Task: When the line containing "StareViewer 2019 is" appears in the listing below, set it down along with each later line through the end, exactly as written, and nothing before it.

┄┄┄┄┄┄┄┄┄┄┄┄┄┄┄┄┄┄┄┄

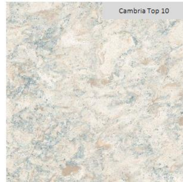
Montgomery © - QTZ L2
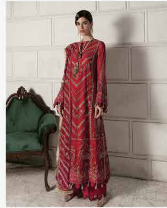
06 ROSEATE BELLE (9,950/-)
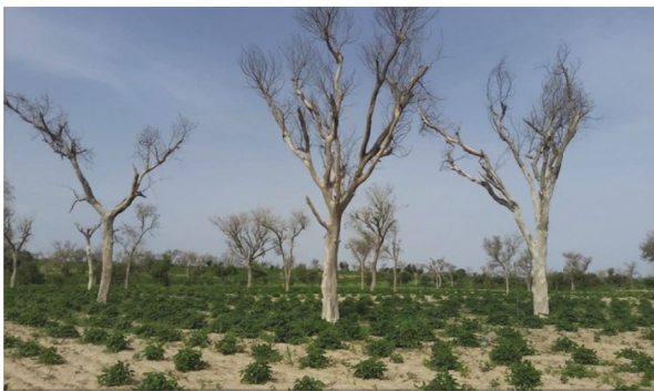
FIGURE 2: Dead trees of F. albida in a cowpea field in the commune of Kiéché.

According to the perceptions mentioned by the local communities in our study area, there are three main causes of mortality of F. albida : defoliating caterpillars, the larvae of beetles that were found in the trunks of dead trees, and rising groundwater. These causes are easily compared with those evoked in the spiral of [26, 38] which gives a general theoretical framework where all the plausible causes have been evoked with complex links
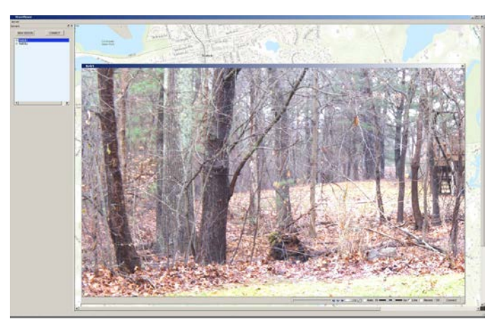
StareViewer 2019 is a Windows application that shows the live video stream from the employed cameras and zooms in on unusual behavior.

The ace U with the STARVIS sensor IMX226 turned out to be the perfect match for this system. The back-illuminated sensor is extremely sensitive in low-light conditions. According to Khan, usually such applications employ infrared cameras which are much more expensive and thus unaffordable for civil applications. Also, the combination of the high resolution of 12.2 MP and small pixel size of 1.85 \mu m allows the camera to stay compact. The camera and the server can fit in a small turret, pantilt-zoom (PTZ) housing or even on a drone.

┄┄┄┄┄┄┄┄┄┄┄┄┄┄┄┄┄┄┄┄

Response box:
StareViewer 2019 is a Windows application that shows the live video stream from the employed cameras and zooms in on unusual behavior.

The ace U with the STARVIS sensor IMX226 turned out to be the perfect match for this system. The back-illuminated sensor is extremely sensitive in low-light conditions. According to Khan, usually such applications employ infrared cameras which are much more expensive and thus unaffordable for civil applications. Also, the combination of the high resolution of 12.2 MP and small pixel size of 1.85 \mu m allows the camera to stay compact. The camera and the server can fit in a small turret, pantilt-zoom (PTZ) housing or even on a drone.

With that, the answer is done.